7Enfin, Paul Chopelin (« Le cardinal de Bernis et le diocèse d’Albi sous la Révolution ») montre, en s’appuyant sur la correspondance avec les frères Gorsse, issus d’une famille influente de l’Abigeois, l’un syndic du diocèse et un temps maire de la ville au début de la Révolution, l’autre chanoine du chapitre cathédral, comment Bernis a irrésistiblement perdu le contrôle de son diocèse d’Albi à partir de l’automne 1789. Il en avait pris possession en octobre 1764 et n’y avait résidé que quatre petites années, laissant son administration à ses vicaires généraux puis à son neveu comme coadjuteur et survivancier.
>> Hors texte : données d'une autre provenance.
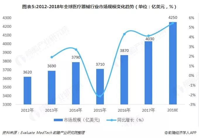 隨著全球人口自然增長,人口老齡化程度提高,以及發展中國家經濟增長,全球范圍內醫療器械市場持續增長。根據 Evaluate MedTech 統計,2017 年全球醫療器械銷售規模為4030億美元,是全球處方藥市場規模的一半,預計 2018年將達到4550億美元。行業增速方面,可以看出近年來,器械市場的增速波動較大且預計這種趨勢還將持續,期間年均復合增長率將保持在4.5%左右。
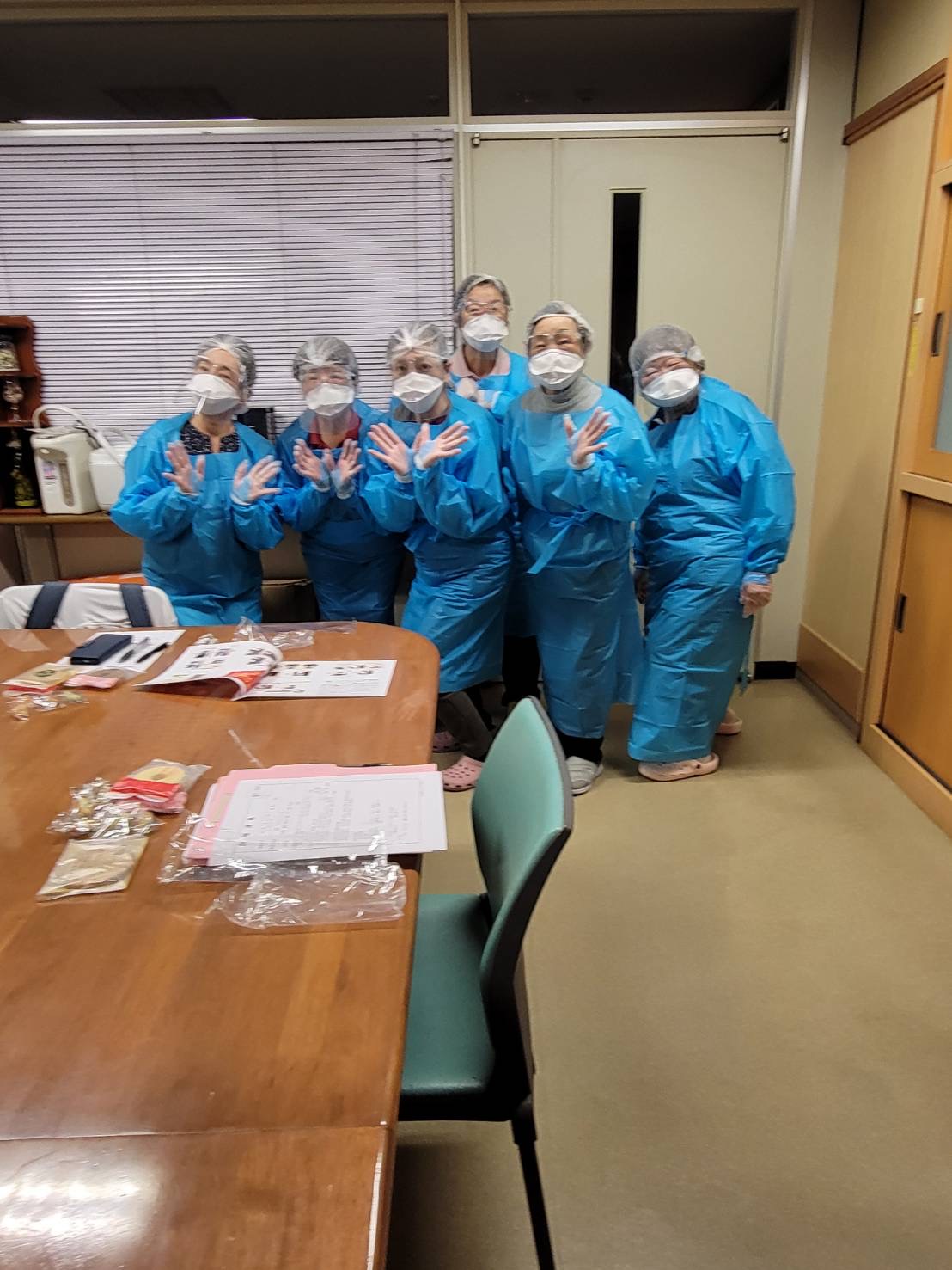 なく防護服が当たり前のように着脱できるように年に2回実施しております。

Sans jamais épouser les combats du camp contre-révolutionnaire, Bernis est opposé à la Révolution, moins par attachement à l’Ancien Régime que par fidélité et conviction que seule une autorité royale forte pouvait mener les réformes modernisatrices nécessaires. Le plus longtemps possible, il tente d’éviter l’opposition frontale au profit du compromis. Sa réaction à la Constitution civile du clergé est dictée par le souci d’éviter les ruptures irréparables, mais sa réticence d’abord, son refus ensuite de se soumettre aux injonctions des nouvelles autorités lève inéluctablement le voile.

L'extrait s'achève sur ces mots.